■ Your assignment ■
Where the records below show a line containing "Прозвучало приветствие руководителя", start copying; end with the line containing "赤岳鉱泉と行者小屋の自家用車を改造した雪上車", and copy it too.

■ Listed records ■

---*---

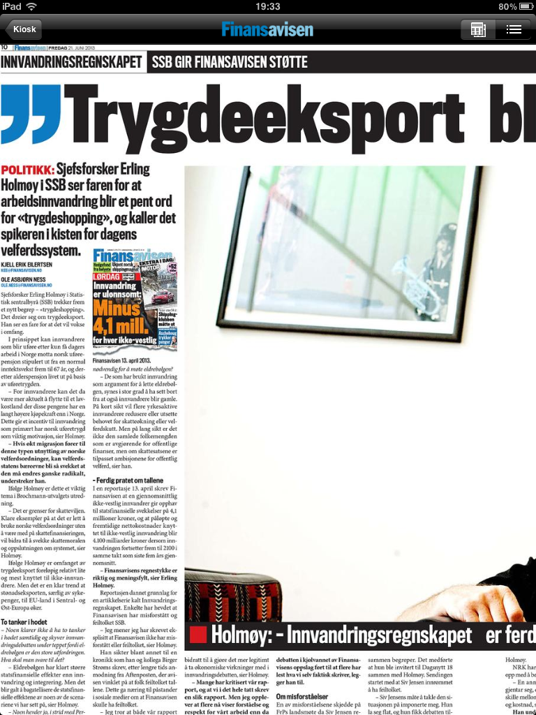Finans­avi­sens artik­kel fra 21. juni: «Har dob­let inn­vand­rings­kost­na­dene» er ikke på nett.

---*---

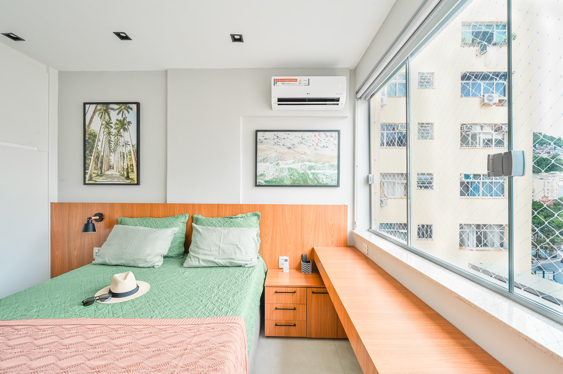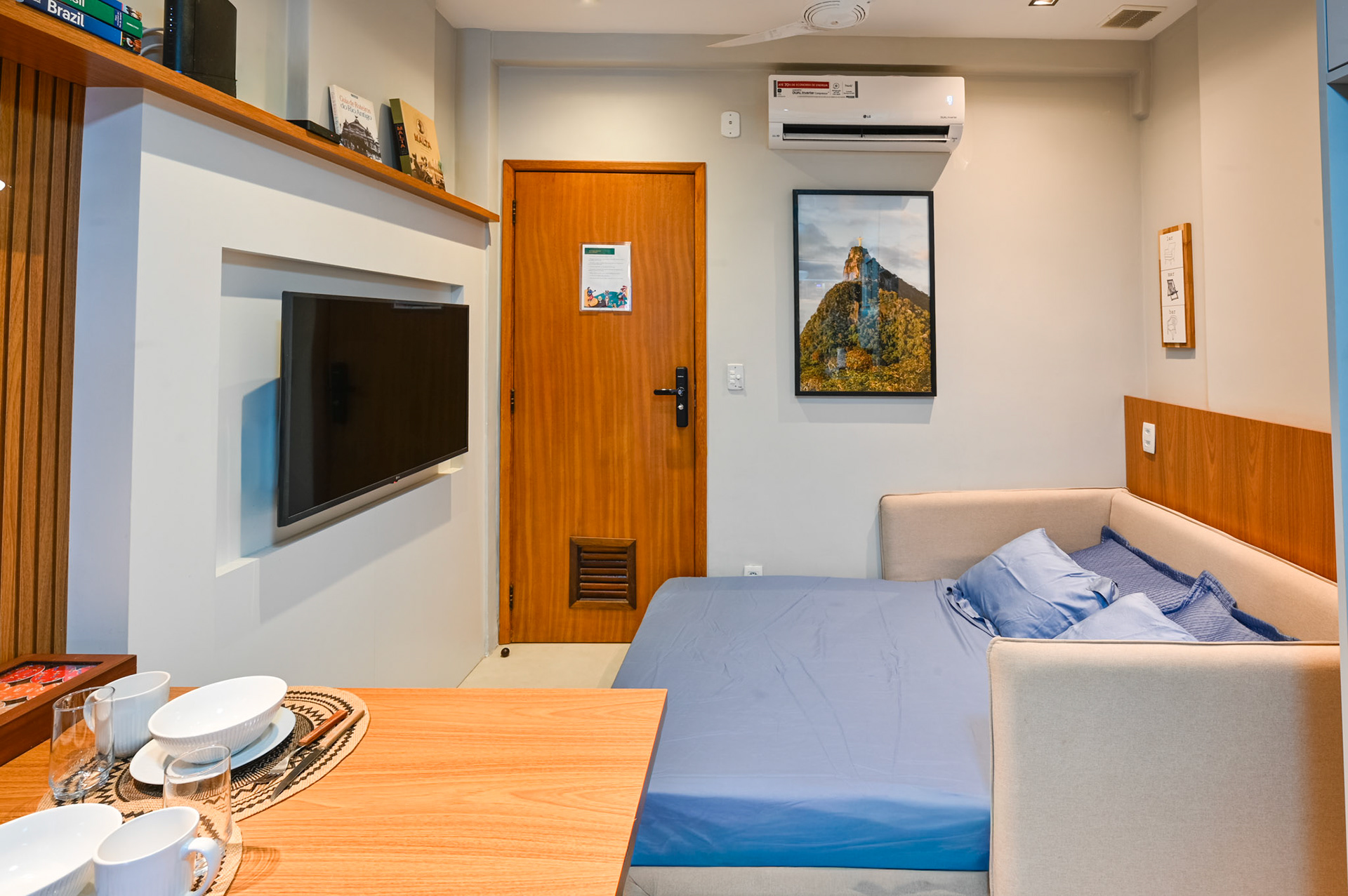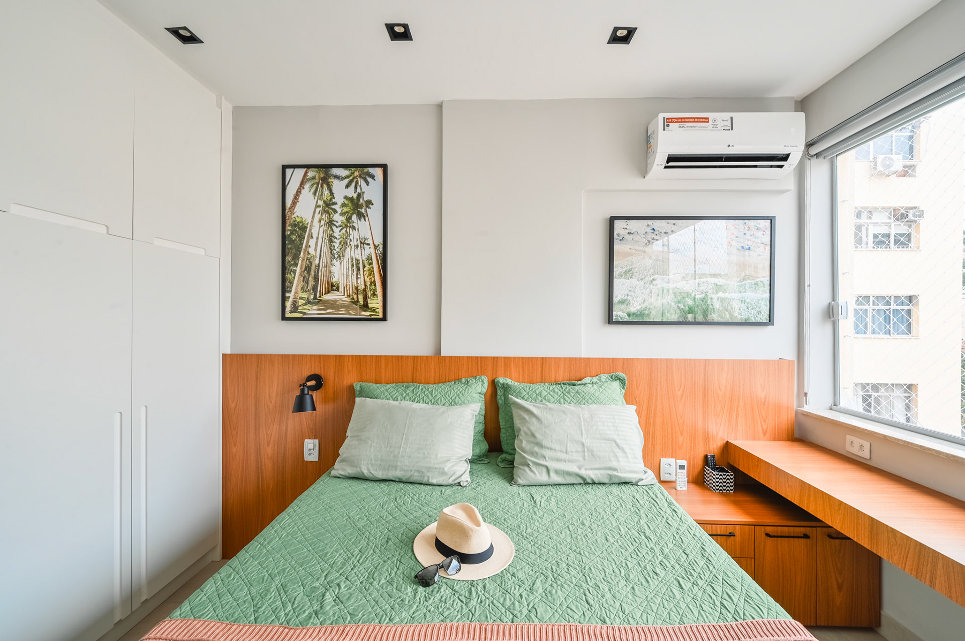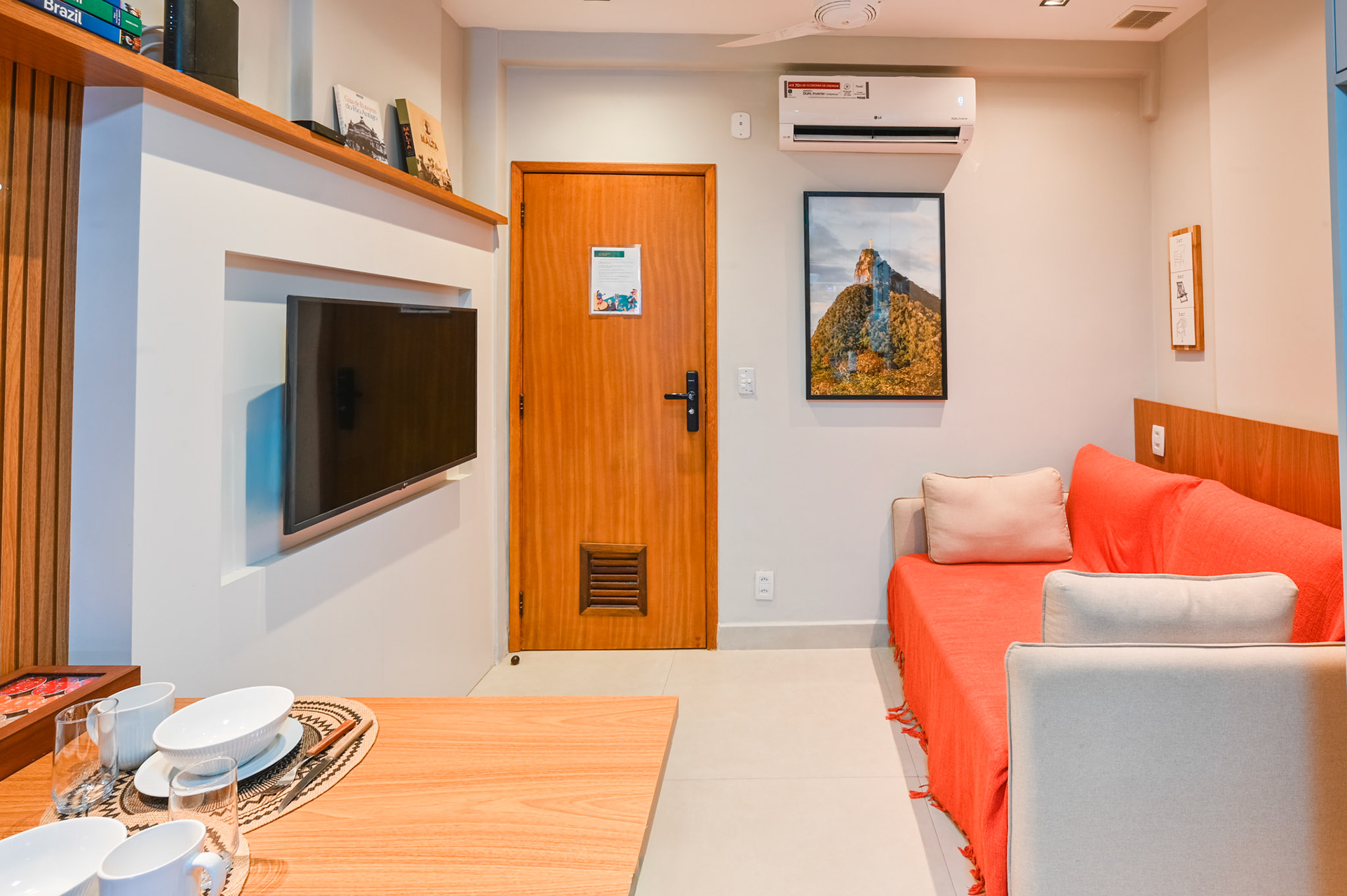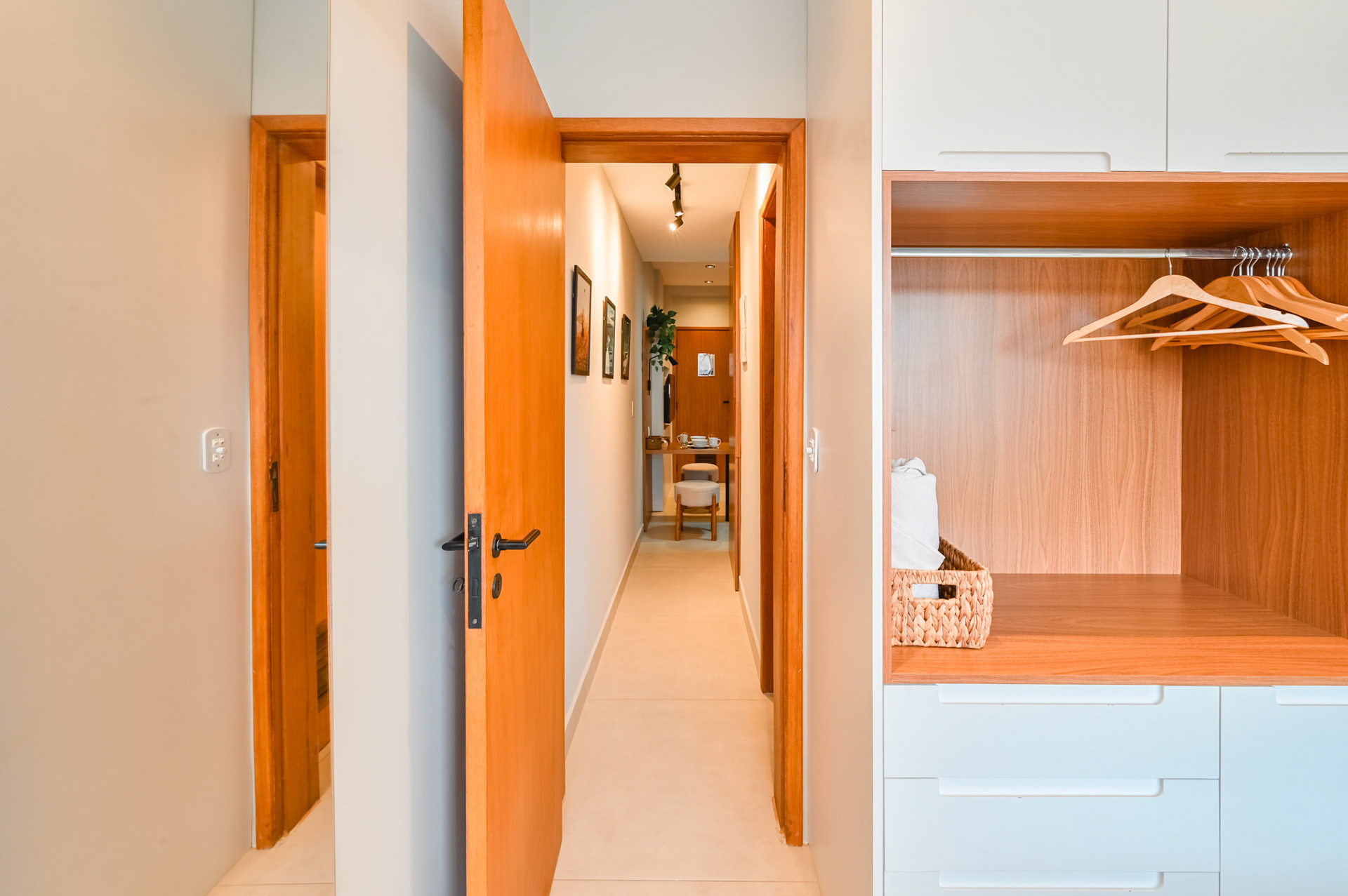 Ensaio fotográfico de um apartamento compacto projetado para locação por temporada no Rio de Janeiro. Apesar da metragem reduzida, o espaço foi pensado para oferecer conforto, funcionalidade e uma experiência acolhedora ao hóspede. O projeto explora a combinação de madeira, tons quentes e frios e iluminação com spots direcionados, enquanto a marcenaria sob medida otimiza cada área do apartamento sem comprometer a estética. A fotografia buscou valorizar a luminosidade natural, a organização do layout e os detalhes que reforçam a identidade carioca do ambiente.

---*---

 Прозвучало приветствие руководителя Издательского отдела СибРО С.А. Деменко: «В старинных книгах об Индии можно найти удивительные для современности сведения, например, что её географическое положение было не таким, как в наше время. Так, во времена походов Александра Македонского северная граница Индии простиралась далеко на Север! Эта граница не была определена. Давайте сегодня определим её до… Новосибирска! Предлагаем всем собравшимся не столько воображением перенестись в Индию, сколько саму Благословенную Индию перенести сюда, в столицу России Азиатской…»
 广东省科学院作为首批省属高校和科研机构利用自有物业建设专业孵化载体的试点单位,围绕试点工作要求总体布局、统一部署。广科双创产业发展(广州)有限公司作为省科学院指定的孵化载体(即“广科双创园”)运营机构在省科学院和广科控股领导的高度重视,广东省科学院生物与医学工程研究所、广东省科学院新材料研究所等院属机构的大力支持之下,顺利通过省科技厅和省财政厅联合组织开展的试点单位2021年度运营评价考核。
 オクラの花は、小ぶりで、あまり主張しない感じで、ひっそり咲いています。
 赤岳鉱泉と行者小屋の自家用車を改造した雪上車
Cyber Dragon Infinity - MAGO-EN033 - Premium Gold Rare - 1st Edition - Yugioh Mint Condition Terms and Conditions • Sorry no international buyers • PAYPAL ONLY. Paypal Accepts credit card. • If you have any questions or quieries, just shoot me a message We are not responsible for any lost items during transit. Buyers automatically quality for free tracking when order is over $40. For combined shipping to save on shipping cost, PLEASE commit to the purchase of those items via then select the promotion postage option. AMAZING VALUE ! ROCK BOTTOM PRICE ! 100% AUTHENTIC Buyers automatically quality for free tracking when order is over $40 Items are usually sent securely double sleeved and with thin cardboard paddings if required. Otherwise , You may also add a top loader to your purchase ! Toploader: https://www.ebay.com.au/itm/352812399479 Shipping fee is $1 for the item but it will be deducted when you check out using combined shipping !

---*---

■ Answer to the problem ■
 Прозвучало приветствие руководителя Издательского отдела СибРО С.А. Деменко: «В старинных книгах об Индии можно найти удивительные для современности сведения, например, что её географическое положение было не таким, как в наше время. Так, во времена походов Александра Македонского северная граница Индии простиралась далеко на Север! Эта граница не была определена. Давайте сегодня определим её до… Новосибирска! Предлагаем всем собравшимся не столько воображением перенестись в Индию, сколько саму Благословенную Индию перенести сюда, в столицу России Азиатской…»
 广东省科学院作为首批省属高校和科研机构利用自有物业建设专业孵化载体的试点单位,围绕试点工作要求总体布局、统一部署。广科双创产业发展(广州)有限公司作为省科学院指定的孵化载体(即“广科双创园”)运营机构在省科学院和广科控股领导的高度重视,广东省科学院生物与医学工程研究所、广东省科学院新材料研究所等院属机构的大力支持之下,顺利通过省科技厅和省财政厅联合组织开展的试点单位2021年度运营评价考核。
 オクラの花は、小ぶりで、あまり主張しない感じで、ひっそり咲いています。
 赤岳鉱泉と行者小屋の自家用車を改造した雪上車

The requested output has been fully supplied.